«Когда звезды смотрят на нас сверху»
18 мая 2026 г., 12:00
Ночь пришла тихая, почти безветренная. Звезды высыпали на небо такие крупные и яркие, что казалось — до них можно дотянуться рукой. Луна была молодой, тонкой, как лезвие, и светила бледно, нехотя — будто тоже устала и хотела спать.
В доме на краю Луга все уже легли. Почти все.
Кингсли не спал.
Он лежал в своей кровати, укрытый одеялом до самого подбородка, и смотрел в потолок. Каштановые кудри разметались по подушке, небесно-голубые глаза блестели в темноте — не от света, от лихорадочного жара. Щёки его горели, дыхание было тяжёлым и хриплым, кашель то отпускал, то возвращался с новой силой.
Болезнь не отступала. Днём ему стало немного лучше — он даже смог съесть ложку мёда и выпить тёплого молока. Но к вечеру температура поднялась снова, и Кингсли уснул тяжело, сбивчиво, а теперь проснулся и не мог заснуть обратно.
Он лежал и считал трещины на потолке. Раз, два, три… сбился. Начал заново. Снова сбился. В ушах шумело, в горле першило, тело ломило так, будто по нему прошлись колёсами старой телеги.
Рядом кто-то пошевелился.
— Ты не спишь? — спросил Перегрин.
Он лежал рядом — на той же кровати, потому что Кингсли попросил. Кингсли попросил, и Перегрин не смог отказать. Перегрин вообще не мог отказывать Кингсли, когда тот болел. Он ложился рядом, не касаясь, на своём краю, на самом краю, так, чтобы не свалиться и не потревожить.
Но сегодня Кингсли сказал: «Ближе». И Перегрин подвинулся. Кингсли сказал: «Ещё ближе». Перегрин подвинулся ещё. Кингсли сказал: «Обними меня». И Перегрин обнял.
Теперь они лежали вплотную — Кингсли спиной к груди Перегрина, укрытые одним одеялом. Перегрин был выше, и его подбородок упирался в макушку Кингсли. Чёрные волосы Перегрина были распущены и падали на плечи, касаясь щеки Кингсли. Разноцветные глаза Перегрина — один цвета старой оливы, зеленовато-жёлтый, как лист перед тем, как упасть, а другой — тёплого каштанового оттенка, почти такой же, как волосы Кингсли — смотрели в темноту и видели больше, чем нужно.

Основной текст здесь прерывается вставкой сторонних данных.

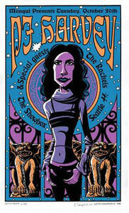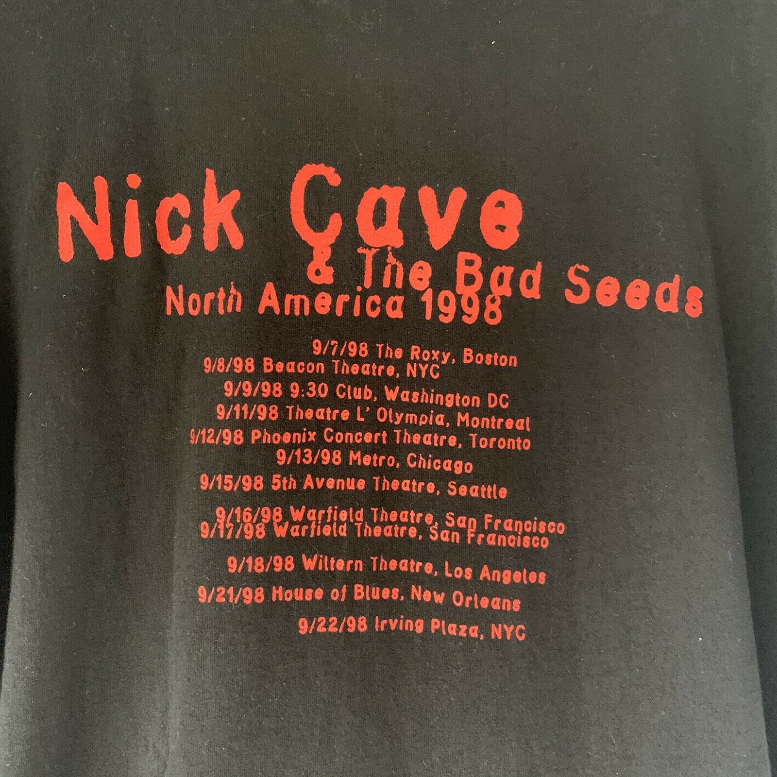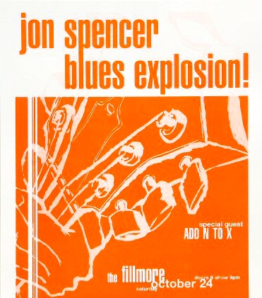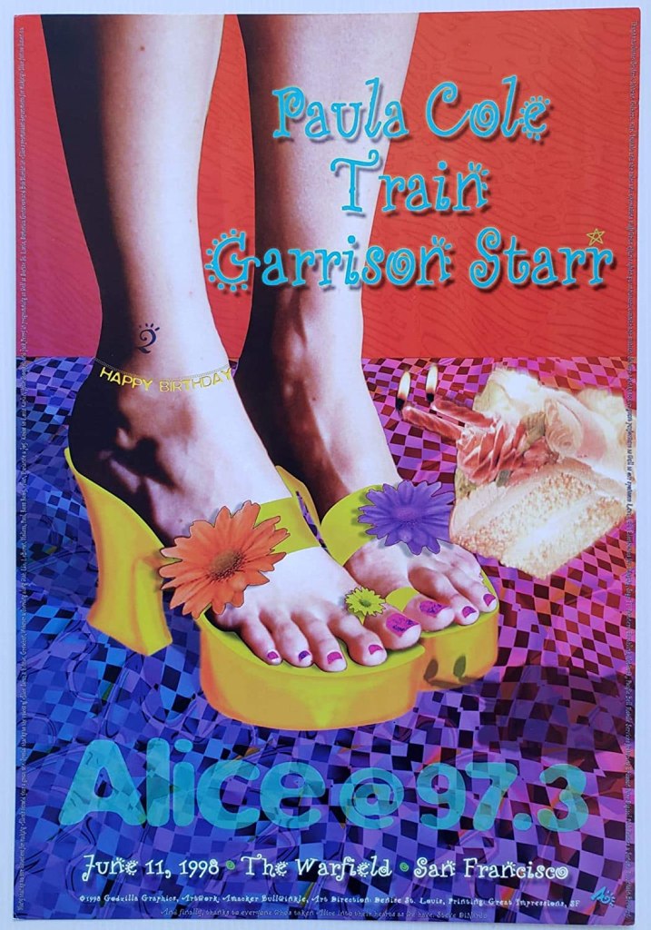 Slightly more accessible, Neubauten was a real band, instruments and all, and Blixa did sing a few songs that one could actually follow along with, though we were inundated with all manner of sounds like roaring jet turbines, ear splitting screeches, and banging metal. One could see how later industrial metal acts like Nine Inch Nails took a page from Blixa. Near the end of their set, they brought out a metal plate set up vertically at a 45 degree angle and periodically poured gravel down in, making the sound sort of like a rainstick, if the beads and stick were metal anyway. I’d say you’d get the picture, but you really need to see this spectacle live to really wrap your head around what Blixa and his crew were doing. The crowd that night were pretty much the same people who showed up to see Nick Cave, well dressed and brooding, just like Blixa. There was however one young woman down on the dance floor near me who screamed like she was seeing The Beatles between every song, a real fan to be sure. The show the following night at The Warfield with Sugar Ray, The Cardigans, Less Than Jake, and Placebo would be obviously a radio friendly, stylistic left turn from this show, though neither of them would get a poster, sadly.

— Не спится, — прошептал Кингсли.
— Я знаю, — тихо ответил Перегрин.
— Я уже час ворочаюсь. Или два. Или три. Я не знаю.
— Ты заснёшь.
— Не могу. Горло болит. И голова. И всё.
— Я знаю.
— Перестань знать. Это пугает.
Перегрин чуть улыбнулся — той своей полуулыбкой, которую Кингсли видел только тогда, когда они были одни. Он поднёс ладонь к щеке Кингсли и провёл по ней большим пальцем — медленно, нежно, от скулы к подбородку. Кожа Кингсли была горячей, как печка.
— Ты весь горишь, — сказал Перегрин.
— Это ты горишь. Я просто тёплый.
— Ты просто больной.
— Я почти здоров.
— Ты почти здоров в зеркале заднего вида.
— Не говори так. У меня голова болит.
Перегрин убрал руку. Кингсли тут же схватил её и прижал обратно к своей щеке.
— Не убирай, — сказал он.
— Я не убирал. Я просто…
— Не просто. Оставайся.
Перегрин остался.
И снова провёл пальцами по щеке Кингсли. Потом по лбу — от виска к виску, сметая несуществующие волосы. Потом по носу — от переносицы к кончику, осторожно, чтобы не задеть.
Кингсли закрыл глаза. Его дыхание стало чуть ровнее.
— Так хорошо, — прошептал он.
— Спи.
— Не хочу.
— Ты устал.
— Я хочу слушать, как ты дышишь.
Перегрин ничего не сказал. Он просто дышал — ровно, глубоко, так, чтобы Кингсли слышал. И Кингсли слушал. Минуту. Две. Три.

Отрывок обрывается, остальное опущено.